1. A testing mechanism for detecting the positional accuracy and peripheral surface profile of a hole, comprising a Mitutoyo dial indicator (1), characterized in that, The Mitutoyo dial indicator (1) is fixedly provided with a fixing ring (2) at the bottom, and a fixing sleeve (3) is fixedly provided at the bottom of the fixing ring (2). A wing screw (4) is threaded on one side of the fixing sleeve (3). A zeroing block upper (5) is fixedly provided at the bottom of the fixing sleeve (3). A zeroing block lower (6) is fixedly provided at the bottom of the zeroing block upper (5). A spring (7) is fixedly provided at the bottom of the zeroing block upper (5). A pin block (8) is fixedly provided at one end of the spring (7). A dial indicator head (9) is fixedly provided at the bottom of the pin block (8).

2. The detection mechanism for detecting hole position accuracy and circumferential surface profile according to claim 1, characterized in that, A detection pin (10) is fixedly provided between the upper (5) and lower (6) of the zeroing block, and the detection pin (10) is slidably connected to the pin block (8).

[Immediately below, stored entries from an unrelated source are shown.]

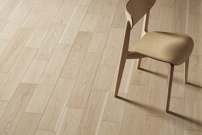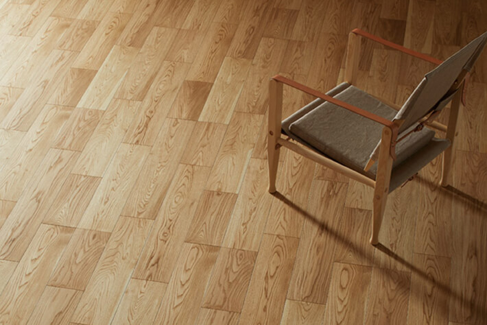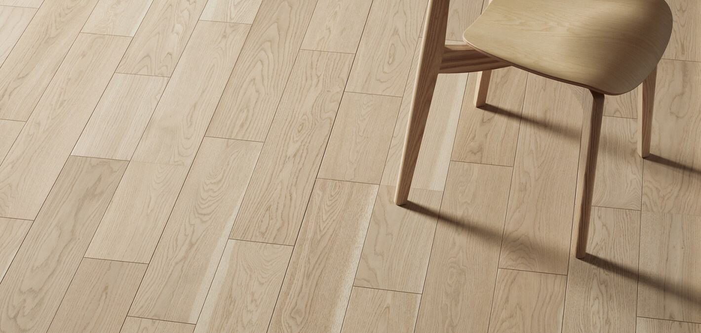 板目に強く現れる筍模様、柾目に現れる横縞状の斑(ふ)を特徴とするオークの乾燥した無垢材が持つ柔らかな色合い・風合いを表現しました。
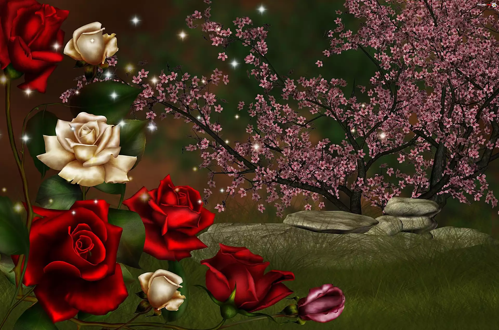 Róże, Ogród, Grafika, 3D - Zdjęcia
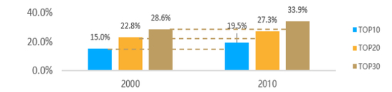 图为2000-2010年中国独居区域集中度变迁
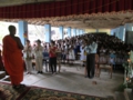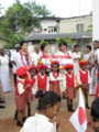 - 民族舞踊団が歓迎の舞を踊りながら学校の方向に進んでゆく。コンピューターで国内で優勝したという男子生徒が混じっているそうで、勢いよく激しい踊りに一行は驚いた。女子は華麗に私たちを見つめて民族舞踊を踊り歓迎した。横長の民族太鼓と踊りに誘われ校庭に入っていくと、村中から人々は集まり、校庭にはぎっしり整列した900名の生徒たちがNaFu!一行を待っていてくれた。校庭演題に、生徒の喜びの感謝のスピーチが入れ替わりあった。以前聞き取り調査で熱心に訴えていた女子もいるのだろう。2009年に下見調査のレポートを日本に持ち帰り、県内外に一斉に当会のプロジェクト計画を呼びかけ活動が始まったが、晴れて今日の日を迎えることができ、ダンミカ僧侶もNaFu!一行も感涙した。実は、ダンミカ長老は夜中の3時にコロンボを発ちこの井戸除幕・贈呈式に駆けつけて下さった。ダンミカ長老や微笑む生徒たちの姿をみて、こころから「良かった。」とNaFu!の活動を振り返った。2009年調査の際、「この学校の井戸掘りは、浅かったので失敗の井戸でした。」「井戸計画があって出来上がったのだが、今は動かないし水がでない。戦争でその修理も約束したが中止のままになり、誰も来ない。」「水汲みは朝早くからで勉強を妨げる。」など、校長先生たちはじめ学生たちが、水(井戸)が必要でその大切さを訴えていた、3年前の姿を思い出した。
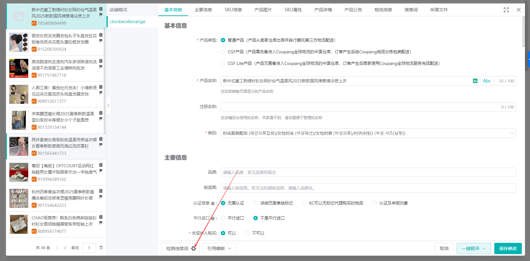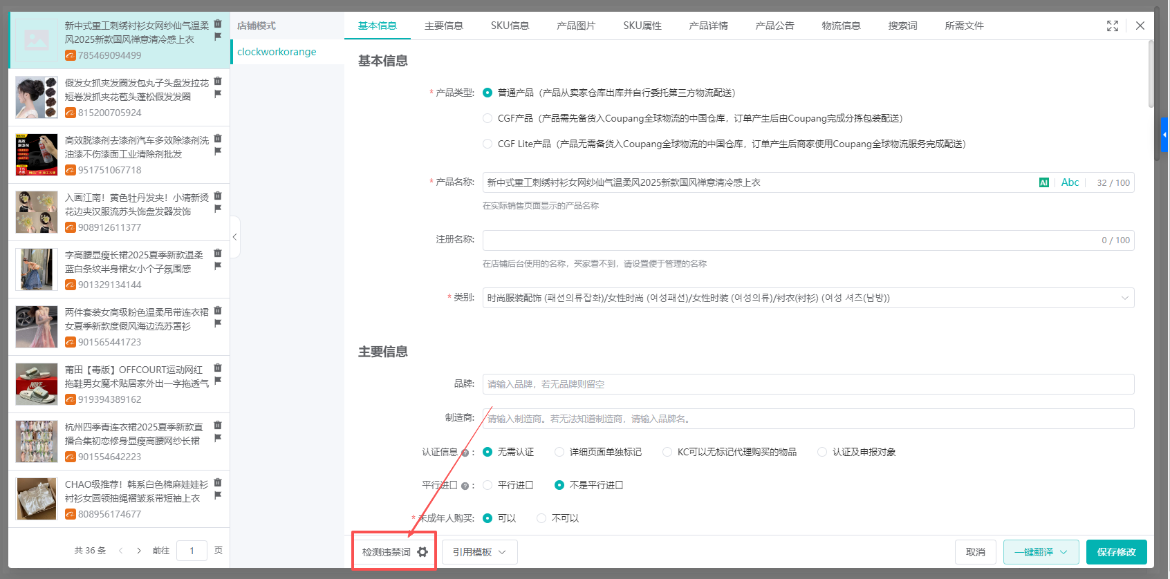 (6)点击界面右下方【检测违禁词】功能,妙手ERP会自动检测产品标题、描述和SKU名称中是否含有的违禁词
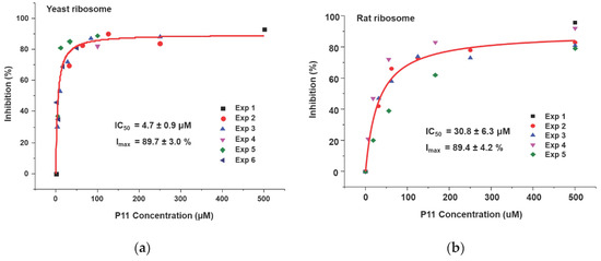 We showed that the peptides bind to the ribosome binding site of RTA and affect the interaction of RTA with the ribosome. Based on our ribosome depurination model, if ribosome binding of RTA is reduced then depurination of the SRL on the ribosome should be affected. To test this model, we examined the ability of the peptides to inhibit the depurination activity of RTA on yeast and rat liver ribosomes. Both ribosomes were used since RTA depurinates rat liver ribosomes at a much higher rate than yeast ribosomes [30]. Different concentrations of peptides were incubated with RTA first, and then ribosomes were added to start the depurination reaction. After 5 min at room temperature, the reaction was stopped and the level of ribosome depurination was measured by qRT-PCR [31]. The percent depurination was plotted against the concentration of the peptide (Figure 6). The IC50 values were obtained by fitting the inhibition curves with the Michaelis–Menten equation using the Origin Pro 9.1 software (OriginLab, Northampton, MA, USA). The inhibition of depurination of yeast (Figure 6a) and rat liver (Figure 6b) ribosomes by P11 are shown. As peptide concentrations increased, the percentage of inhibition increased, and percent inhibition reached 90% for both ribosomes. The IC50 of P11 was 4.7 µM for yeast ribosomes and 31 µM for rat liver ribosomes (Table 2). The IC50 values of P10 to P3 were measured using the same method for yeast (Figure S1) and rat liver (Figure S2) ribosomes and data are shown in Table 2. The IC50 values for yeast ribosomes increased from 7.9 µM to 15 µM when D106 was deleted and to 23 µM and 34 µM when D107 and D108 were deleted, respectively. Similarly, the IC50 values for rat ribosomes increased from 83 µM to 142 µM when D106 was deleted and to 267 µM when D107 was deleted. These results demonstrated that the D106D107D108 motif is important for inhibition of the depurination activity of RTA. The IC50 values were about 6 to 10 times higher for rat ribosomes than yeast ribosomes, possibly because RTA depurinates rat ribosomes at a higher rate than yeast ribosomes [30]. We could not measure IC50 for P7 to P4 for rat ribosomes because the peptide concentrations needed were prohibitive and limited by solubility. We could not detect any inhibition activity for P3 and P5b at the highest concentration measured (500 µM). The IC50 values correlated with the RTA interaction results (Table 1) and indicated that inhibition of ribosome binding by peptides with even a low affinity could lead to inhibition of the depurination activity of RTA.
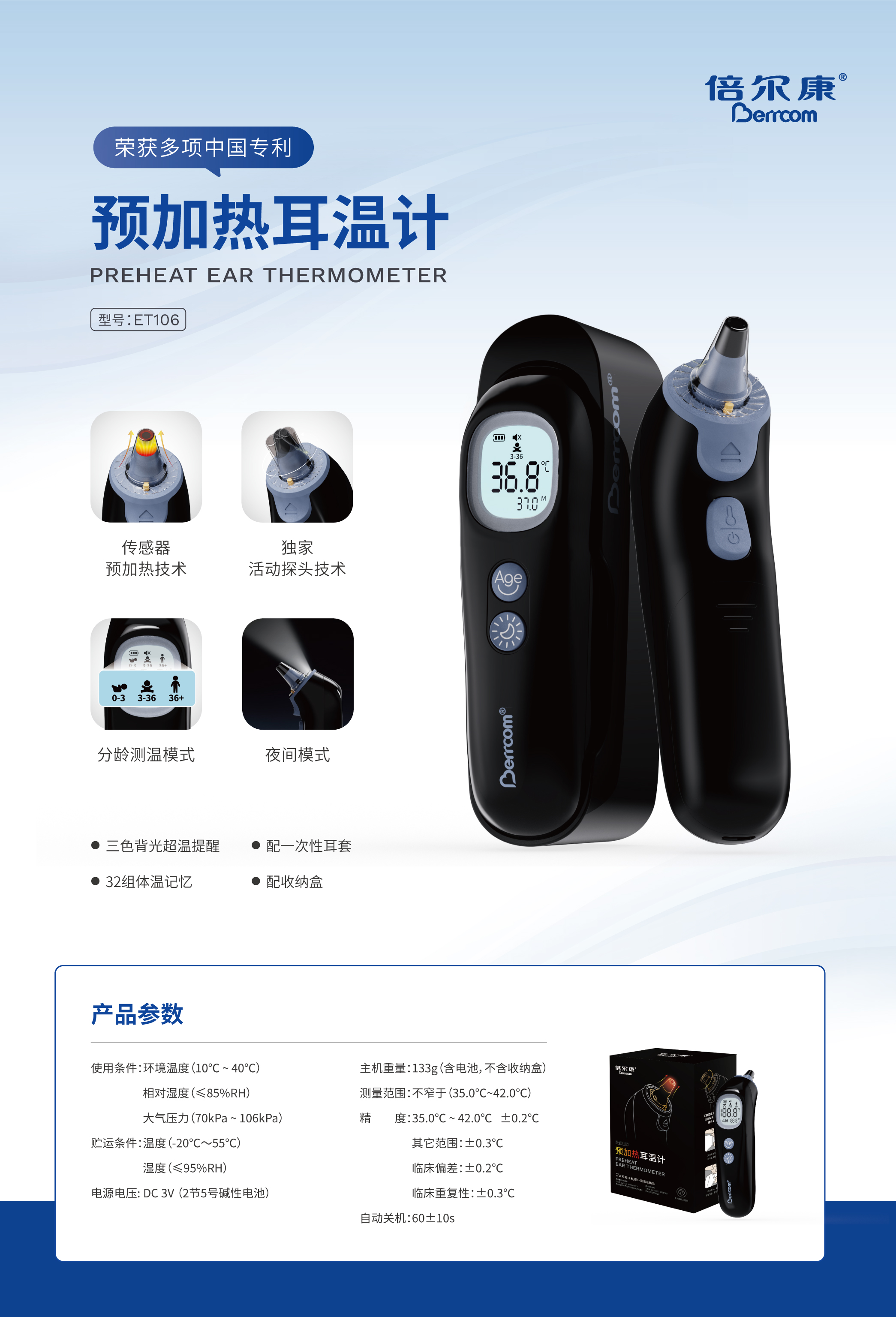 預(yù)加熱耳溫計(jì),準(zhǔn)確舒適測溫
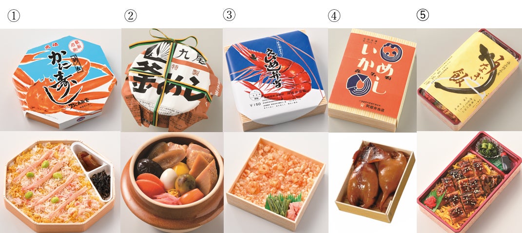 <第60回大会概要> ◇47の駅弁調製元が実演で出店。実演・輸送あわせて約350種類の駅弁が登場。 ◇食べ進めるごとに味わいが変化!「6層ミルフィーユ駅弁」 ◇駅弁大会名物企画が復活! 「至高の美味 ブランド牛対決~近江牛×佐賀牛×神戸牛~」 &「海のごちそう頂上対決~カニ×ウニ×アワビ~」 ◇食べ応え抜群!シェアしても楽しい!「新幹線旅グルメ6マス弁当」 ◇「がんばれ!ローカル線」のと鉄道 ◇観光列車の駅弁がやってくる!「りゅうぐうの舞」 ◇温めて味わう“駅弁×ご当地ラーメン”のコラボレーション ◇第1回大会販売当時の掛け紙を復刻!(販売個数ベスト5のみ限定で復刻) ◇そのほか、スイーツから惣菜までそろう「うまいもの」は 83店が出店 |
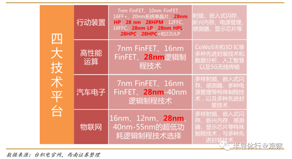 台积电的四大技术平台中都有28nm的身影(图源:西南证券)
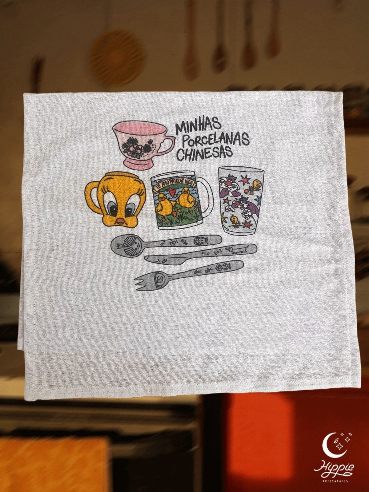 Sabe aquele toque fofo que muda o clima da cozinha? É esse pano aqui! A estampa apresenta desenhos infantis que vão direto no coração.
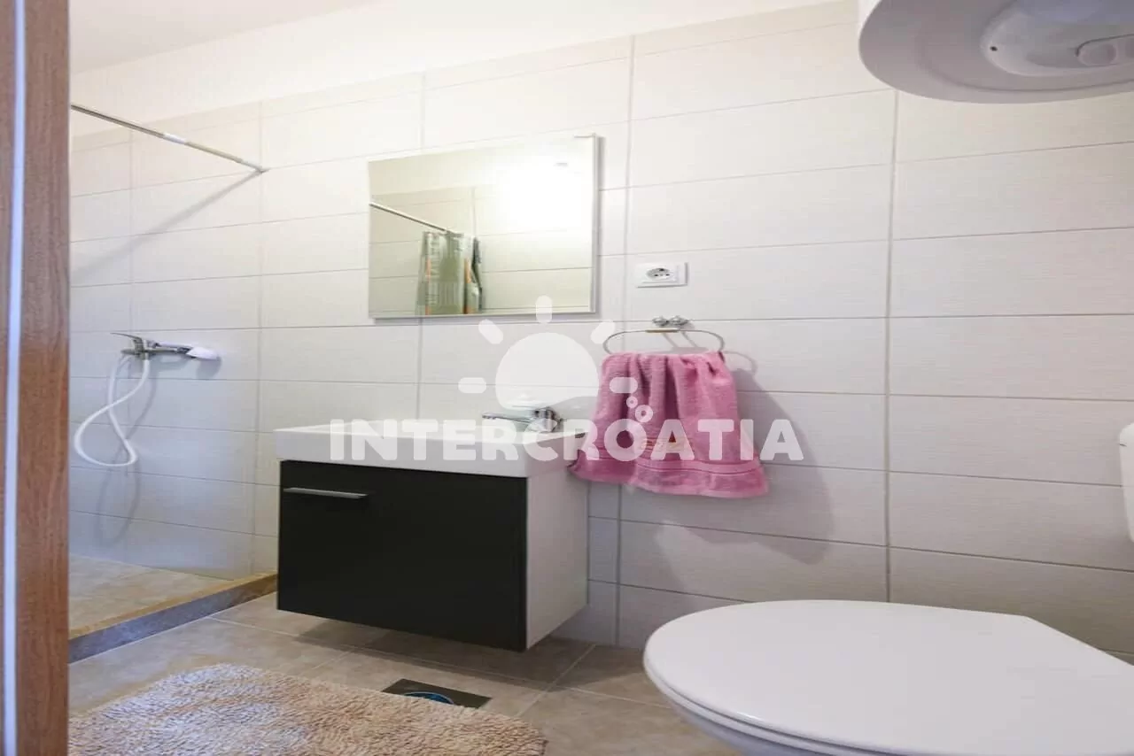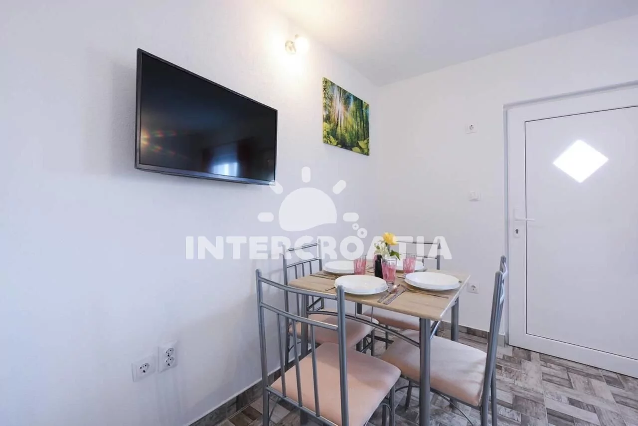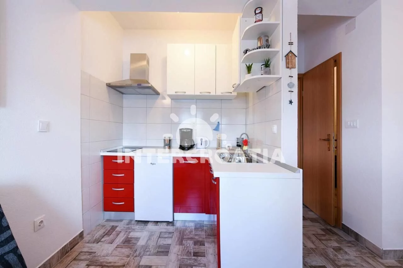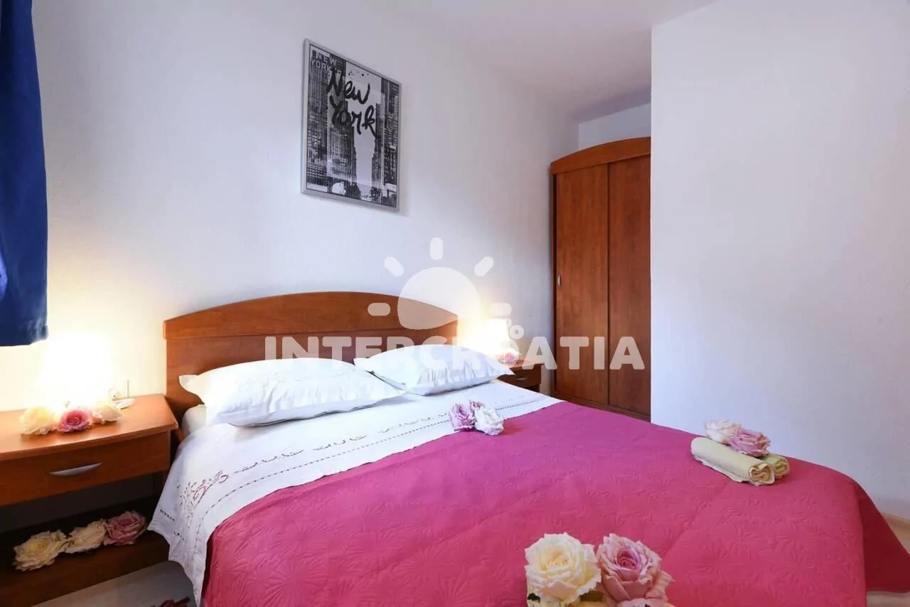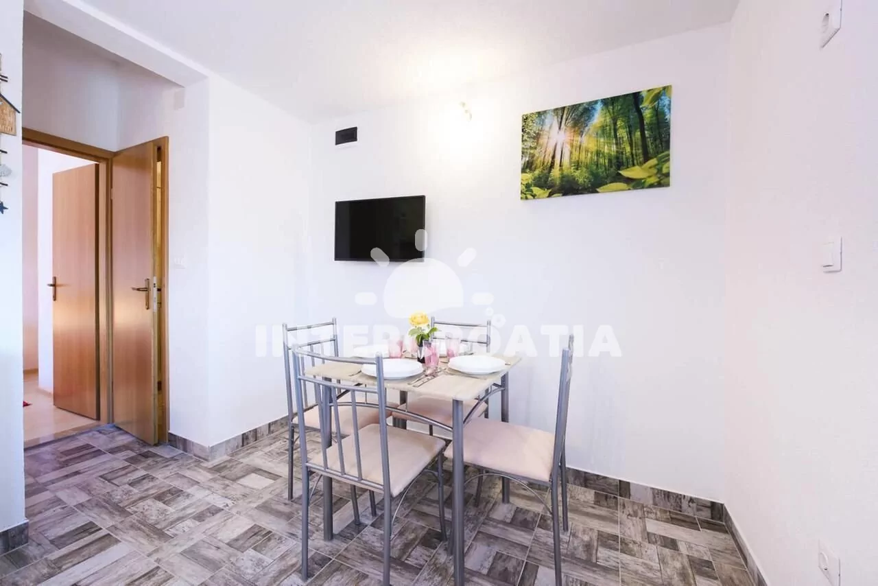 Apartmán (38 m2) s terasou, venkovním posezením a částečným výhledem na moře. Apartmán se nachází v 1. patře domu a je vhodný pro 2 až 4 osoby. Obývací pokoj je spojený s kuchyní. Kuchyňská linka je vybavena dvouplotýnkovou varnou deskou, digestoří, rychlovarnou konvicí, kávovarem, toustovačem, nádobím a lednicí s mrazákem. Obývací pokoj s jídelním stolem pro 4 osoby, pohovkou (rozložitelná na extra lůžko pro 2 osoby), televizí, klimatizací a vstupem na terasu. Ložnice s jedním dvoulůžkem. Koupelna se sprchovým koutem, umyvadlem, fénem a wc. Hostům je k dispozici parkování u objektu zdarma.

3. The detection mechanism for detecting hole position accuracy and circumferential surface profile according to claim 1, characterized in that, The Mitutoyo dial gauge (1) has a display screen (11) fixedly mounted on its surface, and a number of control buttons (12) are provided below the display screen (11).

4. The detection mechanism for detecting hole position accuracy and circumferential surface profile according to claim 1, characterized in that, The wing screw (4) is made of stainless steel.

5. The detection mechanism for detecting hole position accuracy and circumferential surface profile according to claim 1, characterized in that, The upper (5) and lower (6) zeroing blocks are made of high-strength plastic blocks.